§ Task brief: Every entry below should be returned exactly as it appears, with pictures left out.

§ Supplied records:
....

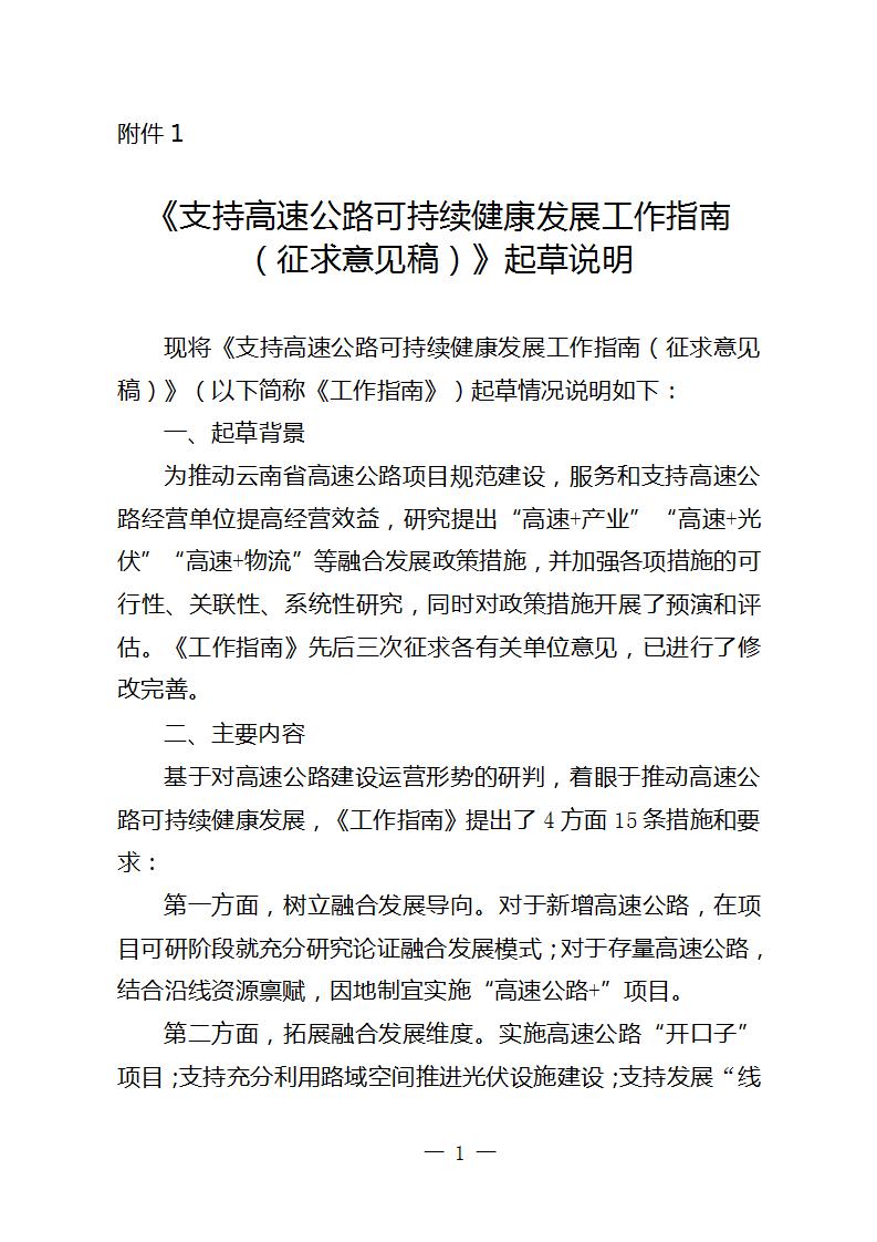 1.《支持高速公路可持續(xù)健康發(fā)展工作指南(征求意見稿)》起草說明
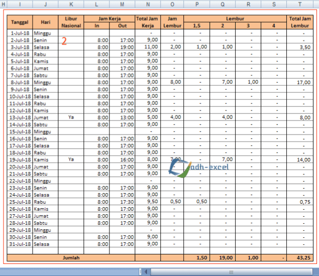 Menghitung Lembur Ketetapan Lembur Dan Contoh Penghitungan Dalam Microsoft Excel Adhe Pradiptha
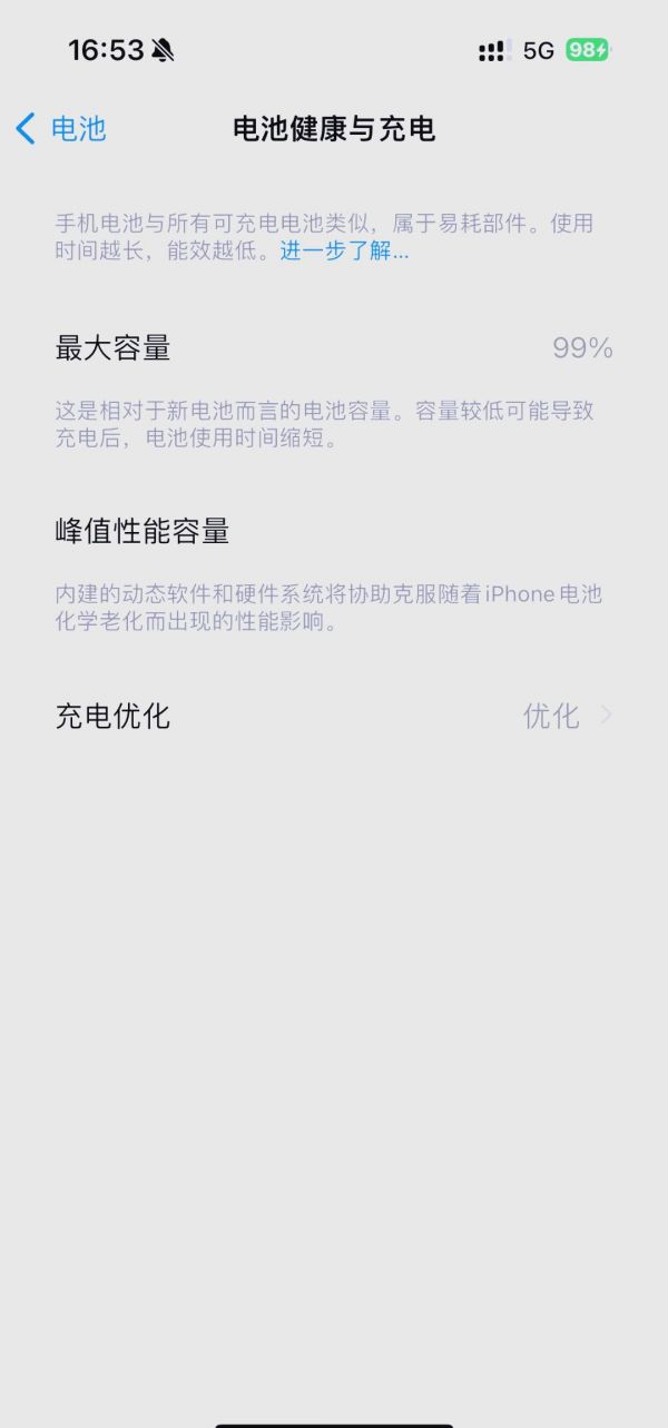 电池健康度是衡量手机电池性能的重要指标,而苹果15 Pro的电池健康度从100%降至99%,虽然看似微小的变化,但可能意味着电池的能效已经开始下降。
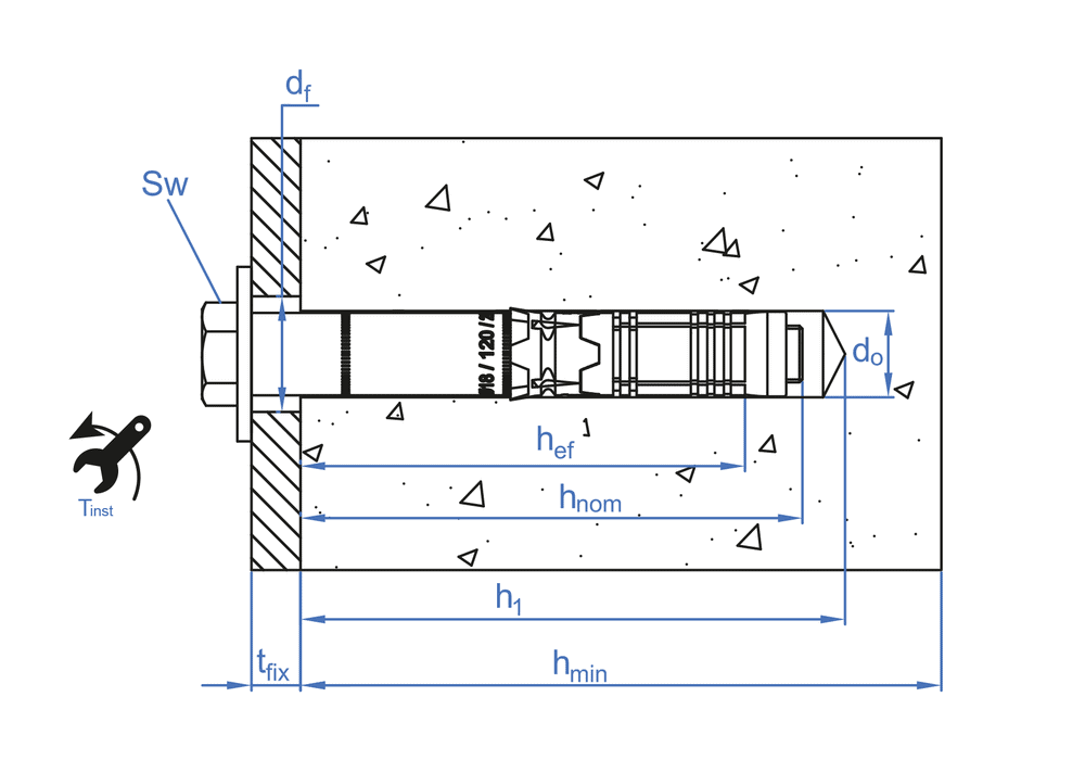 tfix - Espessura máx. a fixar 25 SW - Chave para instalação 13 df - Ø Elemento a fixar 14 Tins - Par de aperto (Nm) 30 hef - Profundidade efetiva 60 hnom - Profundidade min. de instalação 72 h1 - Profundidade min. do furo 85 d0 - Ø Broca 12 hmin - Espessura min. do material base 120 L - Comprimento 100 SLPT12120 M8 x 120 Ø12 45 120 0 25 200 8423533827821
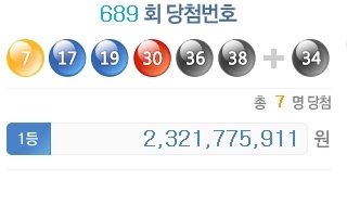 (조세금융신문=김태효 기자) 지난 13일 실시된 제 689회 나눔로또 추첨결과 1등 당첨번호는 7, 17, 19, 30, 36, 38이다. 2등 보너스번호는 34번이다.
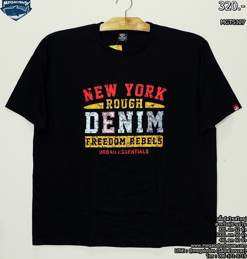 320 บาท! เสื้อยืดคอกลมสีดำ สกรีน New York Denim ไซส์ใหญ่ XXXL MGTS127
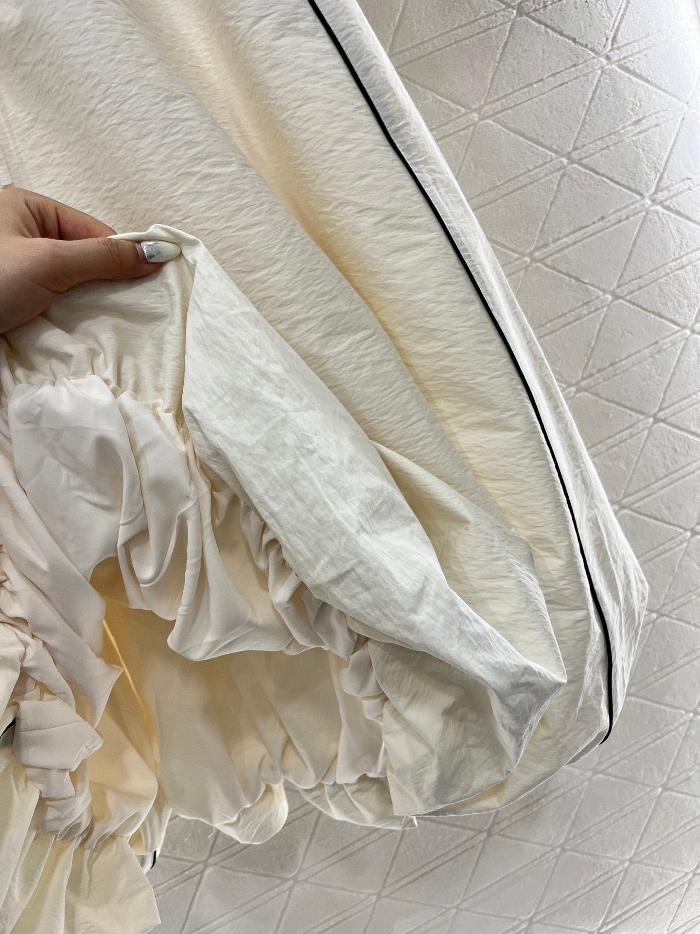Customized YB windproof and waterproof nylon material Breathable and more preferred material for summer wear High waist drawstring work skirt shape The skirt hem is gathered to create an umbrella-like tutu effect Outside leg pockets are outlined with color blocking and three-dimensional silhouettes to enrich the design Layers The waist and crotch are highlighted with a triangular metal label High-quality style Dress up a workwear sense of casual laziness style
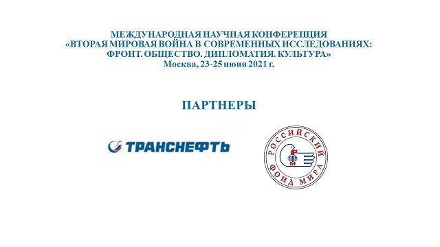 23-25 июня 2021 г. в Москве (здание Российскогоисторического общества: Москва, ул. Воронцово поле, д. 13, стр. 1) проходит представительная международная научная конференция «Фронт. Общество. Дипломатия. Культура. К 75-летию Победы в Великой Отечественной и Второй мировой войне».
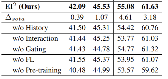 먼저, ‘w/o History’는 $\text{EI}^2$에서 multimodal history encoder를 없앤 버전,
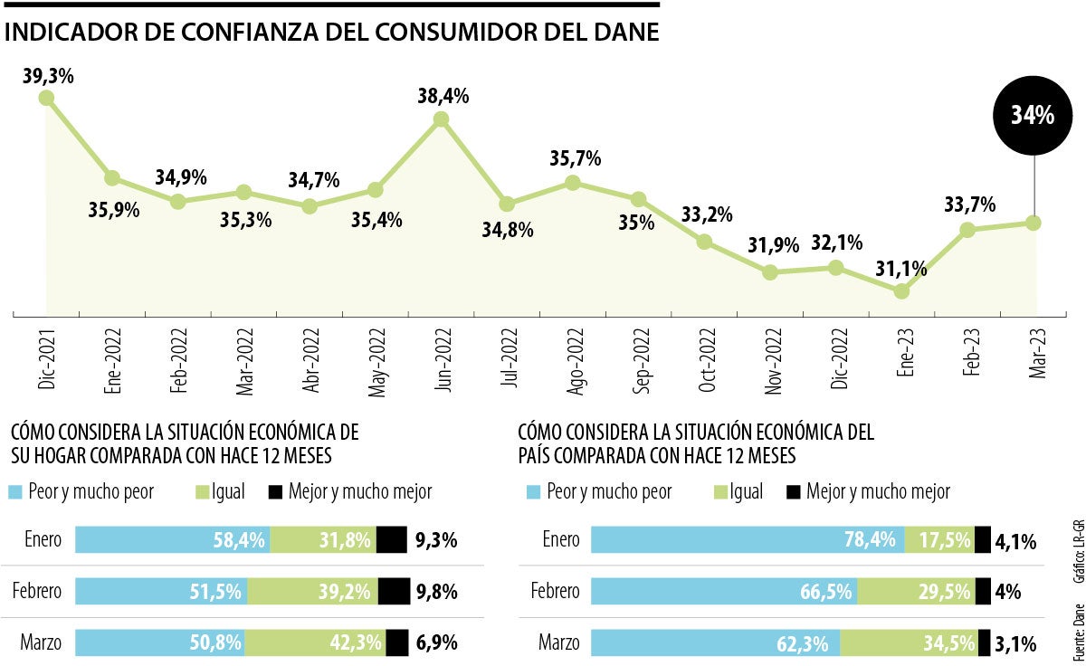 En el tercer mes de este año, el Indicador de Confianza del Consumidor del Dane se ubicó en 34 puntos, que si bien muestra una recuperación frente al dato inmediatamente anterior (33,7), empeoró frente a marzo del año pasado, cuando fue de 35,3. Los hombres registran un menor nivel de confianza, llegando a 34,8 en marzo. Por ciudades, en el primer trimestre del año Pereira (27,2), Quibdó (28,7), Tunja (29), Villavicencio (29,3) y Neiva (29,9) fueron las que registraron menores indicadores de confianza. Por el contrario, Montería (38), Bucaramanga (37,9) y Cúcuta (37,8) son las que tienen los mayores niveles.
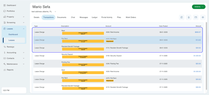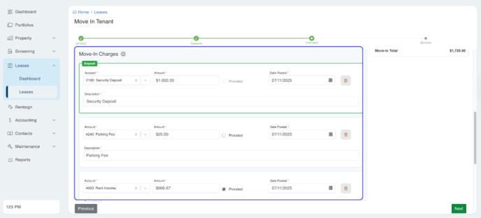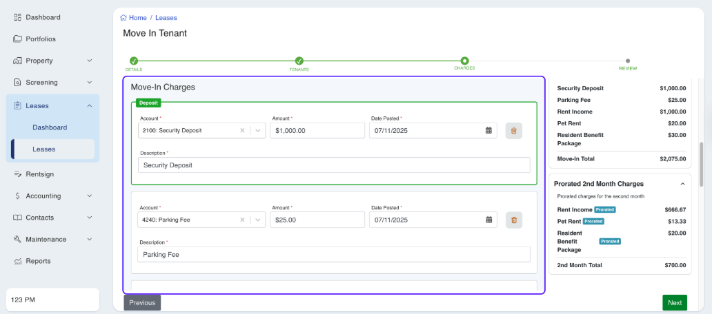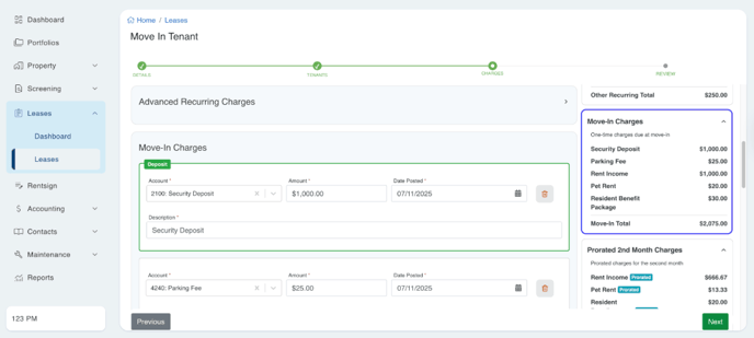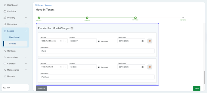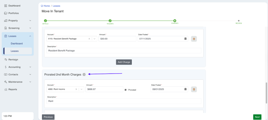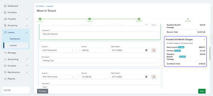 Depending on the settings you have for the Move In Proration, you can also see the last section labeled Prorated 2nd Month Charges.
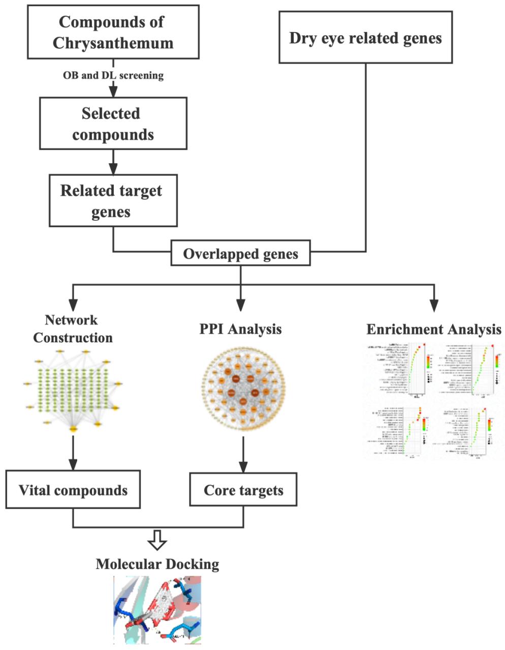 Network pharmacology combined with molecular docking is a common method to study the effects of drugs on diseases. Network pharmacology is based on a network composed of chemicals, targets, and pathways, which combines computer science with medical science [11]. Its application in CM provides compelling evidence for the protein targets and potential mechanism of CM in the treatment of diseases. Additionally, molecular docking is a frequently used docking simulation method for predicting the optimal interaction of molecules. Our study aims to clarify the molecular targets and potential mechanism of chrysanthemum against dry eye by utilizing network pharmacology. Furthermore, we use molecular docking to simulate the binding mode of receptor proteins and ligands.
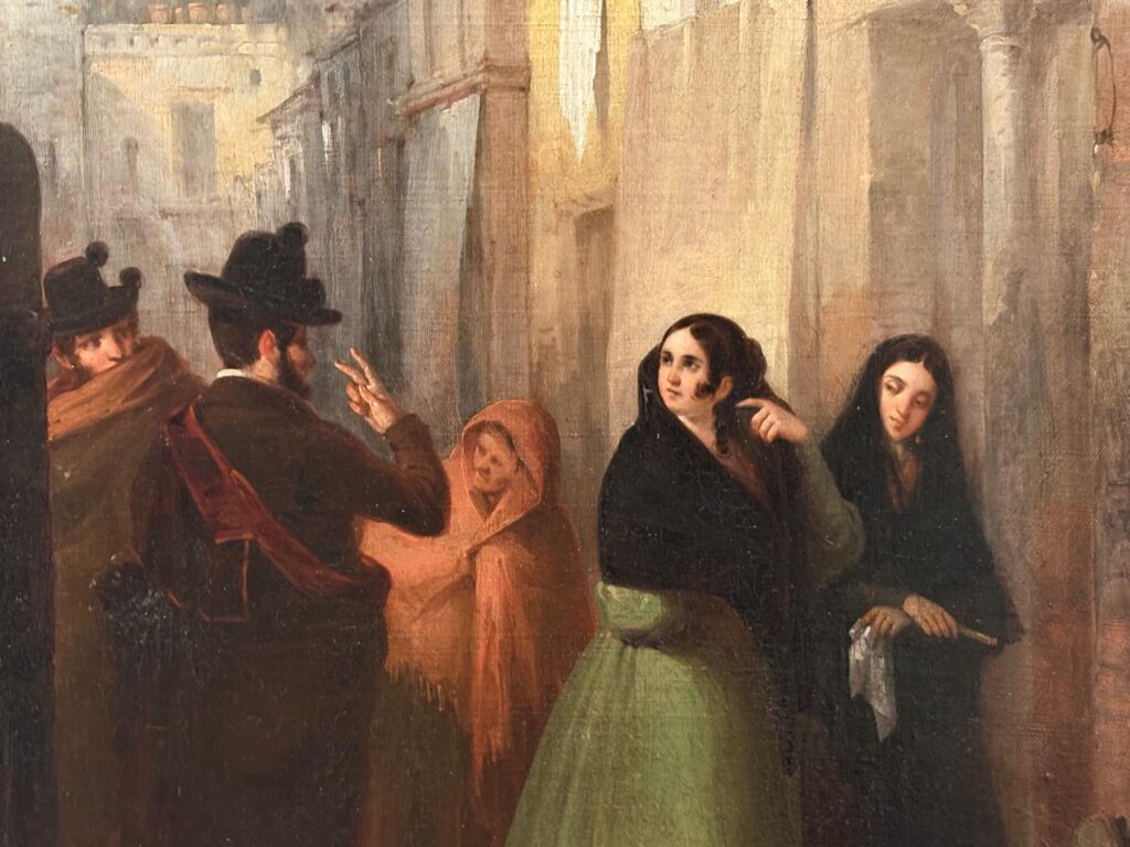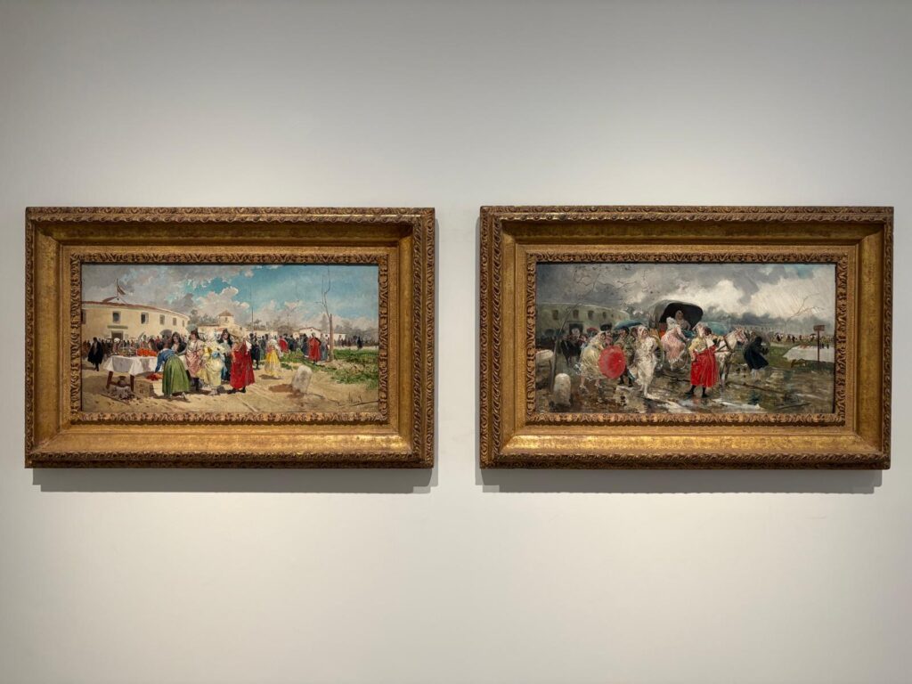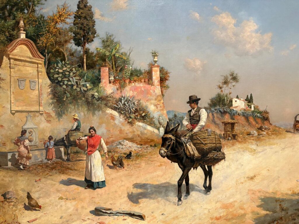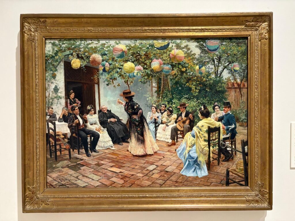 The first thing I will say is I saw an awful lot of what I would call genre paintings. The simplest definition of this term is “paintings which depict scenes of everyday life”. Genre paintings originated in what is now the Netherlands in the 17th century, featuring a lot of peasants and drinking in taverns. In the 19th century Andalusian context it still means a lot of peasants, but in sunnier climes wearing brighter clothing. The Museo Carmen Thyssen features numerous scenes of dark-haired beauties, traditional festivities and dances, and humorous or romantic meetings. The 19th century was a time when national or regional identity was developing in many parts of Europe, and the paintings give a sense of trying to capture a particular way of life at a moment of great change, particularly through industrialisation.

....

§ Written response:
 1.《支持高速公路可持續(xù)健康發(fā)展工作指南(征求意見稿)》起草說明
 Menghitung Lembur Ketetapan Lembur Dan Contoh Penghitungan Dalam Microsoft Excel Adhe Pradiptha
 电池健康度是衡量手机电池性能的重要指标,而苹果15 Pro的电池健康度从100%降至99%,虽然看似微小的变化,但可能意味着电池的能效已经开始下降。
 tfix - Espessura máx. a fixar 25 SW - Chave para instalação 13 df - Ø Elemento a fixar 14 Tins - Par de aperto (Nm) 30 hef - Profundidade efetiva 60 hnom - Profundidade min. de instalação 72 h1 - Profundidade min. do furo 85 d0 - Ø Broca 12 hmin - Espessura min. do material base 120 L - Comprimento 100 SLPT12120 M8 x 120 Ø12 45 120 0 25 200 8423533827821
 (조세금융신문=김태효 기자) 지난 13일 실시된 제 689회 나눔로또 추첨결과 1등 당첨번호는 7, 17, 19, 30, 36, 38이다. 2등 보너스번호는 34번이다.
 320 บาท! เสื้อยืดคอกลมสีดำ สกรีน New York Denim ไซส์ใหญ่ XXXL MGTS127
Customized YB windproof and waterproof nylon material Breathable and more preferred material for summer wear High waist drawstring work skirt shape The skirt hem is gathered to create an umbrella-like tutu effect Outside leg pockets are outlined with color blocking and three-dimensional silhouettes to enrich the design Layers The waist and crotch are highlighted with a triangular metal label High-quality style Dress up a workwear sense of casual laziness style
 23-25 июня 2021 г. в Москве (здание Российскогоисторического общества: Москва, ул. Воронцово поле, д. 13, стр. 1) проходит представительная международная научная конференция «Фронт. Общество. Дипломатия. Культура. К 75-летию Победы в Великой Отечественной и Второй мировой войне».
 먼저, ‘w/o History’는 $\text{EI}^2$에서 multimodal history encoder를 없앤 버전,
 En el tercer mes de este año, el Indicador de Confianza del Consumidor del Dane se ubicó en 34 puntos, que si bien muestra una recuperación frente al dato inmediatamente anterior (33,7), empeoró frente a marzo del año pasado, cuando fue de 35,3. Los hombres registran un menor nivel de confianza, llegando a 34,8 en marzo. Por ciudades, en el primer trimestre del año Pereira (27,2), Quibdó (28,7), Tunja (29), Villavicencio (29,3) y Neiva (29,9) fueron las que registraron menores indicadores de confianza. Por el contrario, Montería (38), Bucaramanga (37,9) y Cúcuta (37,8) son las que tienen los mayores niveles.
 Depending on the settings you have for the Move In Proration, you can also see the last section labeled Prorated 2nd Month Charges.
 Network pharmacology combined with molecular docking is a common method to study the effects of drugs on diseases. Network pharmacology is based on a network composed of chemicals, targets, and pathways, which combines computer science with medical science [11]. Its application in CM provides compelling evidence for the protein targets and potential mechanism of CM in the treatment of diseases. Additionally, molecular docking is a frequently used docking simulation method for predicting the optimal interaction of molecules. Our study aims to clarify the molecular targets and potential mechanism of chrysanthemum against dry eye by utilizing network pharmacology. Furthermore, we use molecular docking to simulate the binding mode of receptor proteins and ligands.
 The first thing I will say is I saw an awful lot of what I would call genre paintings. The simplest definition of this term is “paintings which depict scenes of everyday life”. Genre paintings originated in what is now the Netherlands in the 17th century, featuring a lot of peasants and drinking in taverns. In the 19th century Andalusian context it still means a lot of peasants, but in sunnier climes wearing brighter clothing. The Museo Carmen Thyssen features numerous scenes of dark-haired beauties, traditional festivities and dances, and humorous or romantic meetings. The 19th century was a time when national or regional identity was developing in many parts of Europe, and the paintings give a sense of trying to capture a particular way of life at a moment of great change, particularly through industrialisation.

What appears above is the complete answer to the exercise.